Community water fluoridation has been recognized as one of 10 great public health achievements of the 20th century (CDC 1999) and providing water with a fluoride concentration consistently close to the optimal fluoride concentration throughout the year is key for prevention of tooth decay (CDC 2013a, CDC 2013b, ASTDD 2015). The Water Fluoridation Reporting System (WFRS), hosted by the Centers for Disease Control and Prevention (CDC), records state-established optimal fluoride concentration and control range for adjusted systems in all states, and monthly average fluoride concentration for adjusted systems in 34 states. CDC, the American Association of State and Territorial Dental Directors (ASTDD) and the American Dental Association (ADA) use data from WFRS to recognize individual adjusted systems and state fluoridation programs with fluoridation quality awards. These awards are based in part on the number of months (twelve months for the adjusted system award, and nine months for the state fluoridation programs) that average fluoride concentration is within the recommended or state-established control range around the optimal fluoride concentration. The recommended fluoride concentration and control range do not differ by the volume of water produced nor size of population served, however, a few authors have suggested that these factors may be important to consider in establishing a control range (Kuthy et al. 1985, Lalumandier et al. 2001, Teefy 2013). With publication of the updated recommendation for a single optimal fluoride concentration of 0.7 mg/L across the US, regardless of outdoor temperature, data to inform choice of an appropriate control range need to be considered.

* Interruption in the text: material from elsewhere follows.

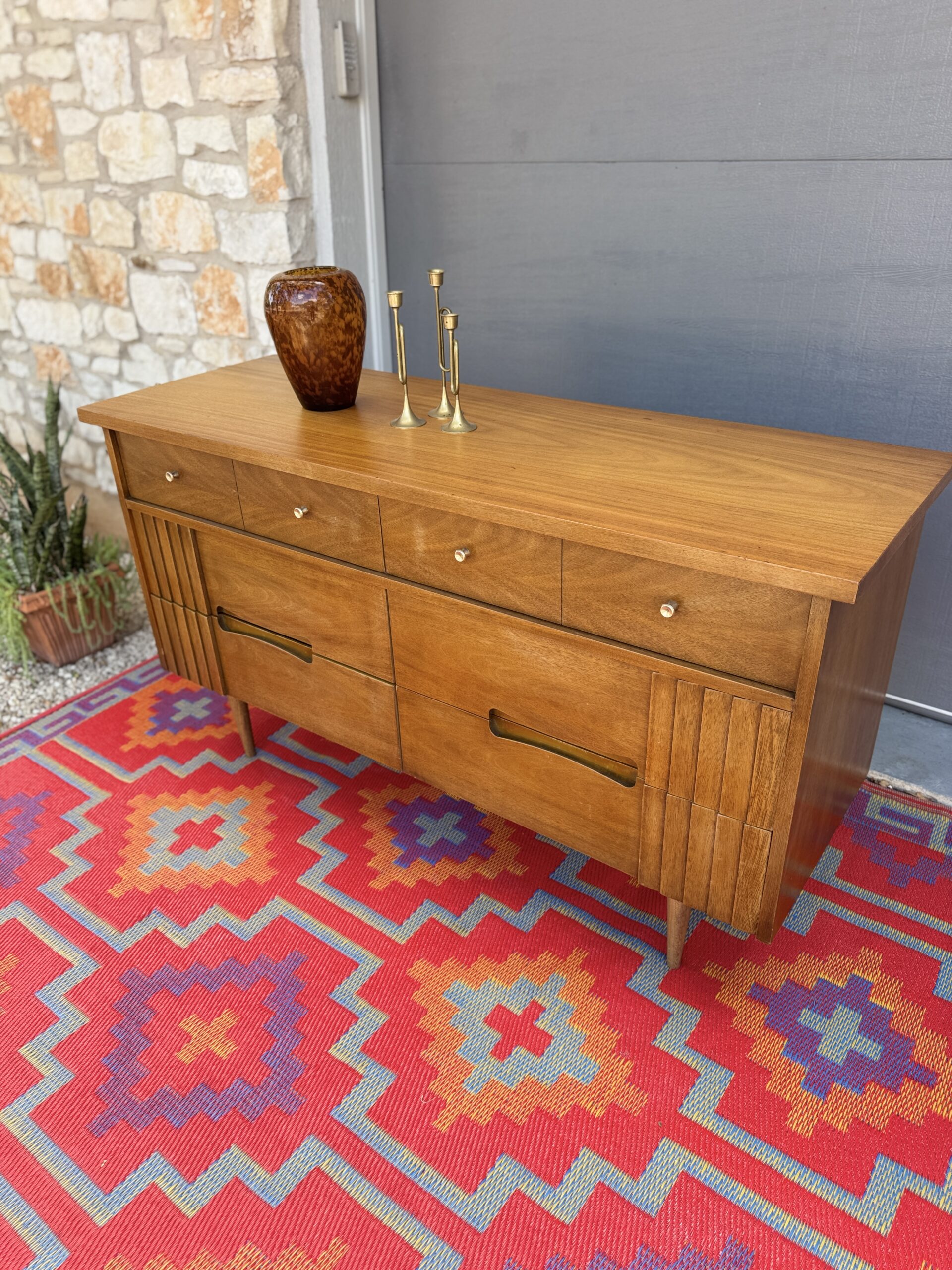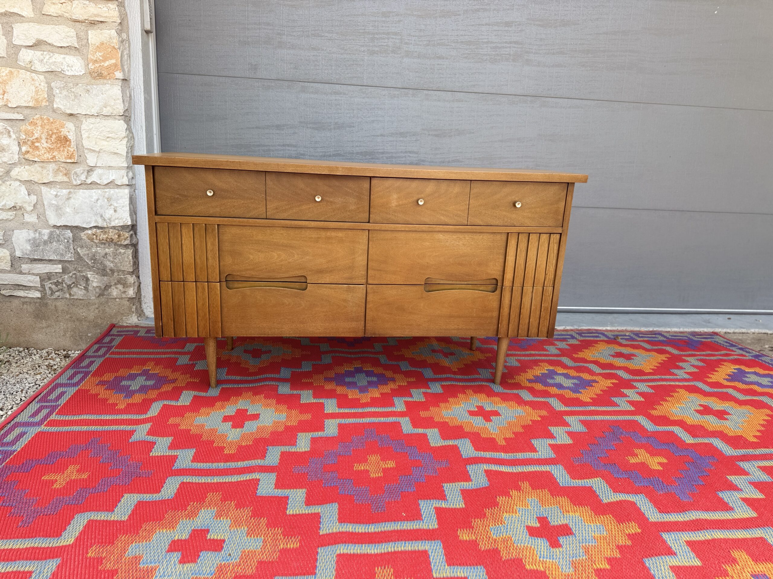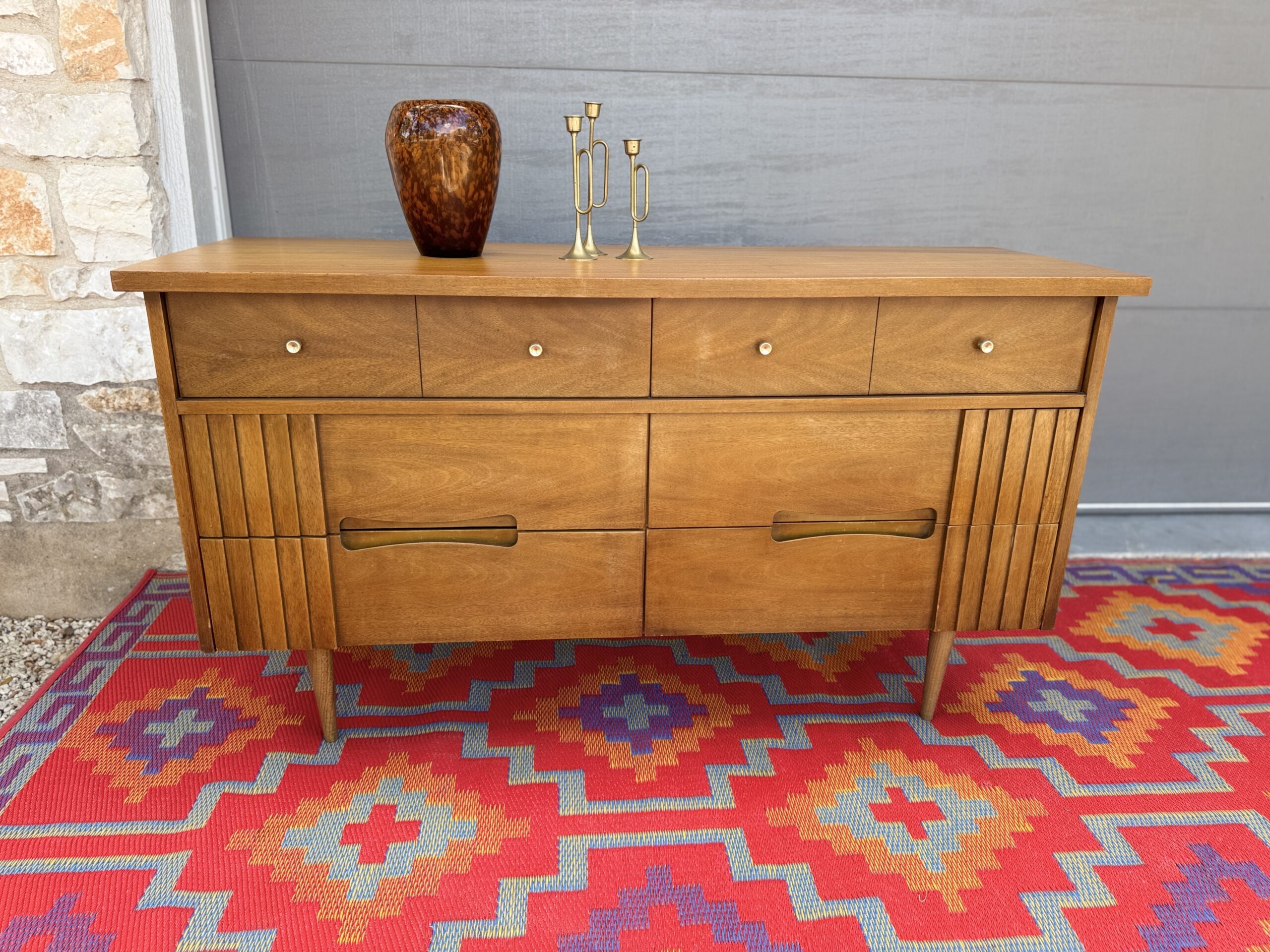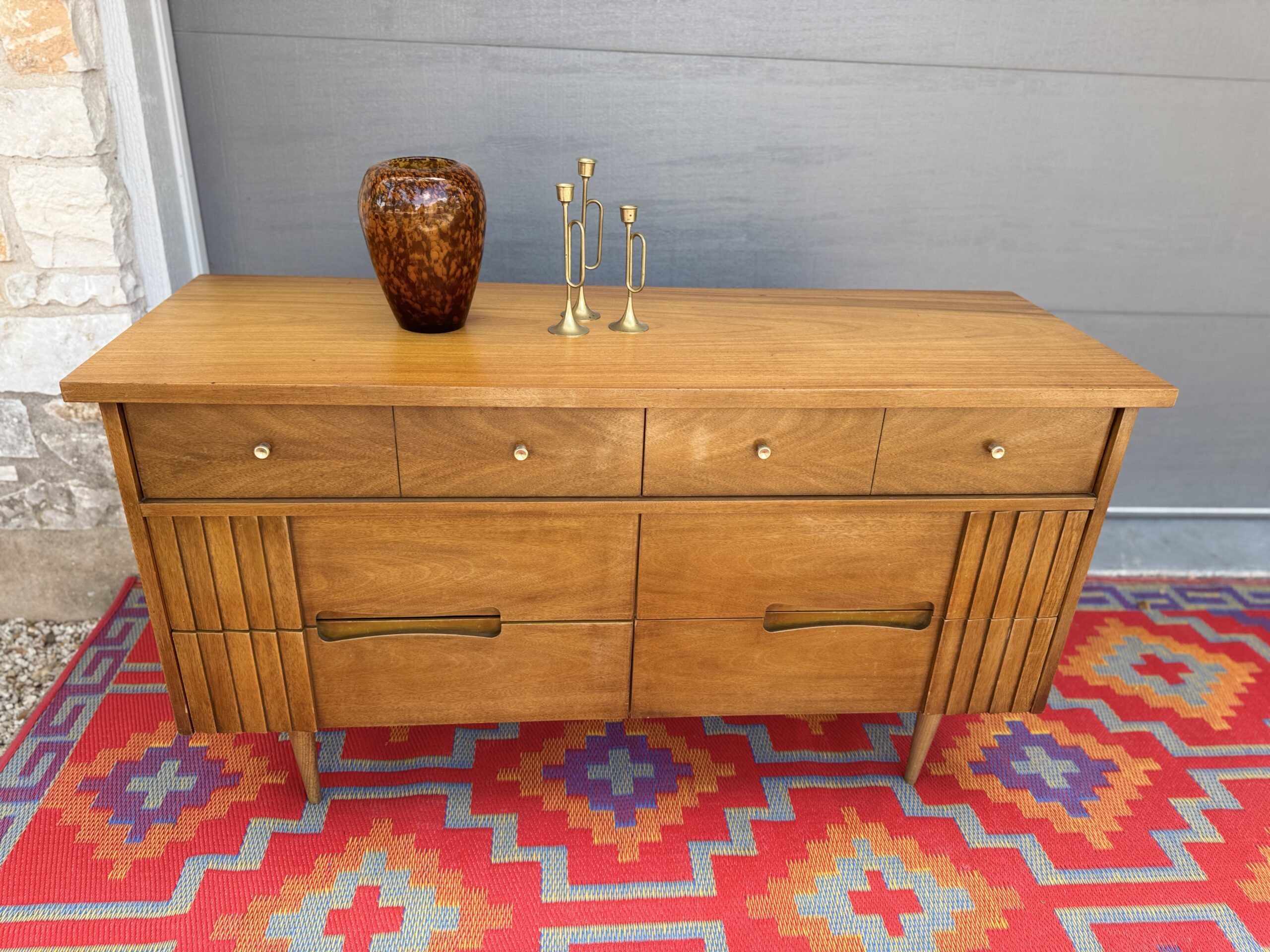 Perfect as a bedroom dresser, entryway or everyday storage console. This versatile piece features classic mcm lines with unique drawer pulls and vertical wooden drawer details.

Studies published prior to the 1962 recommendation reported an association between children’s water intake and outdoor temperature, however, more recent studies have not found outdoor temperature to be an important explanatory factor of children’s water intake (Beltrán-Aguilar et al. 2015). Reviews of evidence still find that community water fluoridation provides additional reductions in tooth decay although other sources of fluoride such as fluoride toothpastes and mouth rinses have become widely available since water fluoridation was first introduced (Community Preventive Services Task Force 2013), is cost saving for communities of ≥1,000 population (costs less than the economic benefit) and savings increase with the size of the community population (Ran & Chattopadhyay 2016). The increase in these other sources of fluoride has been accompanied by an overall increase in the prevalence of dental fluorosis, a range of visible changes in the appearance of tooth enamel that can occur only in children while teeth are developing under the gums (Aoba & Fejerskov 2002). Most dental fluorosis in the United States is the very mild or mild form which appears as barely visible white lacy marking or spots on the enamel of teeth (Beltrán-Aguilar et al. 2010, NIDCR 1989). Dental fluorosis can only occur in children while teeth are developing under the gums (Aoba & Feyerskov 2002). The now-recommended optimal fluoride concentration of 0.7 mg/L will maintain water fluoridation’s protective benefits of preventing tooth decay while limiting the risk of dental fluorosis (PHS 2015).
The previous PHS recommendation described six optimal fluoride concentrations ranging from 0.7 mg/L in the warmest areas of the country to 1.2 mg/L in the coldest areas. The six corresponding control ranges were of different widths – from 0.2 mg/L wide to 0.8 mg/L wide (PHS 1962, Maier 1963). For example, in the warmest areas of the US the control range was 0.6–0.8 mg/L (i.e., 0.7 mg/L ±0.1 mg/L) and in the coldest areas, 0.9–1.7 mg/L (an asymmetrical control range of 0.3 mg/L below to 0.5 mg/L above the optimal fluoride concentration of 1.2 mg/L) (PHS 1962). Between 1967 and 1976, four publications proposed using the narrowest control range of ±0.1 mg/L even for cooler areas with optimal fluoride concentration above 0.7 mg/L (Richards et al. 1967, Hann 1968, Long & Stowe 1973, EPA 1976), based in part on manufacturers’ statements about equipment calibration. Asymmetrical control ranges of 0.1 mg/L below to 0.5 mg/L above (0.6 mg/L wide) each of the six optimal fluoride concentrations were described in CDC’s 1986 water fluoridation manual (CDC 1986) and 1995 Engineering and Administrative Recommendations for Water Fluoridation (EARWF) (CDC 1995), but these recommendations were not regulatory. Adjusted systems may have been required to comply with different target fluoride concentrations and control ranges established by the state drinking water administrator and the administrative rules oversight board for the state in which they operate (i.e., state-established). Target fluoride concentrations used by adjusted systems can be found in CDC’s My Water’s Fluoride web site, based on data reported by states to WFRS (CDC 2013b). Target fluoride concentration and control range may be established by state or local administrative code, ordinance or statute (NPHL 2015). It should be noted that these databases may not contain complete information from every area, and states that waited for the April 2015 publication of the final recommendation may have been in the process of revising their optimal concentration and control range at this time of this study.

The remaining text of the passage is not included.